Overheating in Retrofit and Existing Homes

Thanks, @Eric_Fewster and @Tim_Gilbert. In addition to hoping for an air -to-water heat pump (or possibly water-to-water, as we have a spring) for heating most of the house, I am beginning to wonder about combining it with an air-to-air heat pump for our currently unheated kitchen extension and kitchen, our second gas fan convector in there having given up the ghost several years ago. The advantage of this solution would be that the air-to-air could also give us cooling in that one room in hot summer weather, along the lines of the CCC report you have posted here yesterday @Tim_Gilbert. But on the face of it, the BUS grant will only be allowed for a heat pump which would heat the whole house. So our air-to-water heat pump will be oversized and needlessly expensive to purchase, as it doesn’t need to heat that room, because our air source heat pump can heat (or cool) that. It will be a shame if I am correct that an unintended consequence of the BUS grant scheme is to prevent us from having grant support to do just what the CCC and building science community would probably commend as the best solution for tens of thousands of houses similar to ours, and will require us to install a superfluous radiator in the kitchen extension. Can anyone see an ingenious way around this problem with the grant, I wonder?

You are correct that the BUS grant is for one heat pump to heat the whole house and hot water along the lines of a boiler.

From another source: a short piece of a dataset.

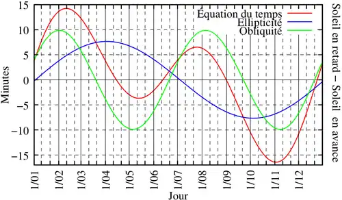 - le jour solaire n'est pas rigoureusement constant suivant les saisons : cette variation est traduite par l'équation du temps ;

I know of people who successfully got the grant even though they had air conditioning, so a/c clearly doesn’t prevent the grant being allowed but as far as I know the wet system was installed throughout.

How over the top do you want to go?

Or put it another way, how long do you want your adaptations to be relevant before the warming climate outsmarts them?

Here is some very serious advice!

I think there is a lot in here that can inspire us here in the UK, without the need to go all the way.

Apparently it is Global Heat Action Day and timed to go with it is this report on global overheating at night.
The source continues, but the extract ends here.